Early individual collections of Shiʿi hadith were first-hand reports from the imams, which were known as usul (origins, primary sources) or simply as kutub (writings, notebooks) to later hadith scholars. On occasion, the later compilers named their sources, which is useful for modern historians. For example in the Kitab al-Idah, the first known Ismaʿili Shiʿi compendium of legal hadith, a vast compilation that surpassed all canonical hadith collections, Sunni and Shiʿi, in volume, but of which only a small portion survives, the famous Fatimid jurist al-Qadi al-Nuʿman (d. 973) consistently quoted his written sources in the following manner:
“[It is reported] in the Book of al-Halabi, known as the Kitab al-Masaʾil, from Abi ʿAbd Allah Jaʿfar b. Muhammad [al-Sadiq, the fifth Shiʿi imam], that he said: [matn] (the actual report)” (p. 207).

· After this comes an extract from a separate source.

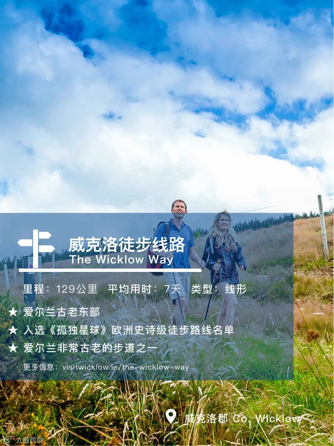 这条步道是爱尔兰非常古老的步道之一,每年有超过两万人在威克洛步道享受徒步的快乐。由于它靠近都柏林,因此一直是爱尔兰受欢迎的步行路线。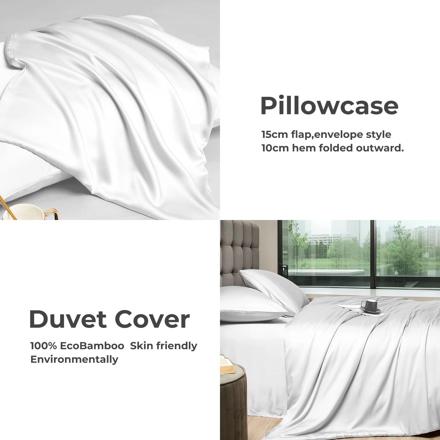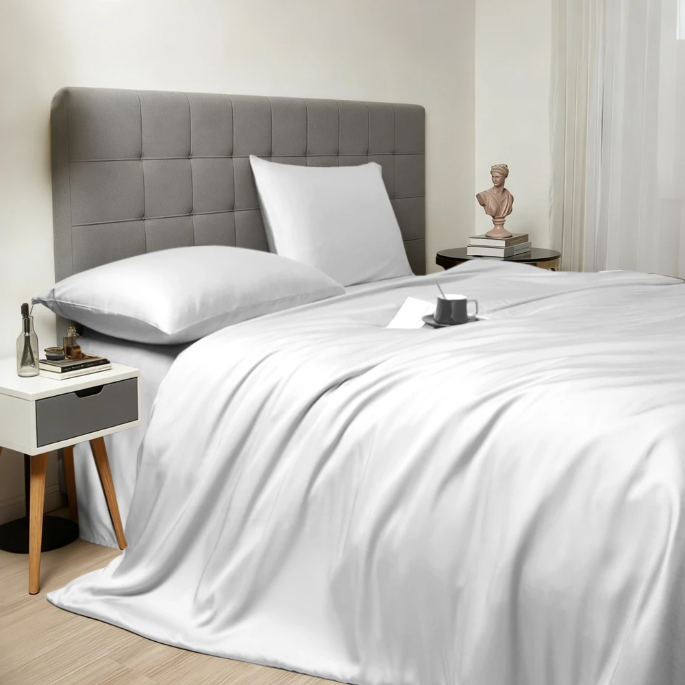 100% Bamboo Fiber Woven Modern Solid Color Bedding Set Super King Size Includes Flat Bed Sheet Fitted Duvet Cover

However, this was not the standard practice. Despite the fact that hadith compilers relied on written sources, they never felt the need to mention them, though they invariably recorded the chains of transmitters. This was largely due to the fact that the authority of oral transmitters usually took precedence over that of a written source. This is one reason why only a handful of the early individual collections survive independently. The rest, estimated between 400 and 1,000 Imami Shiʿi collections from mid-eighth to ninth centuries, have been gradually subsumed by the massive hadith compilations that appeared from the tenth century onwards. Nevertheless, we know about the existence of these early collections from bibliographical works, such as the Fihrist of al-Shaykh al-Tusi (d. 1067), although his information also came mainly from oral sources (Kohlberg, 1987).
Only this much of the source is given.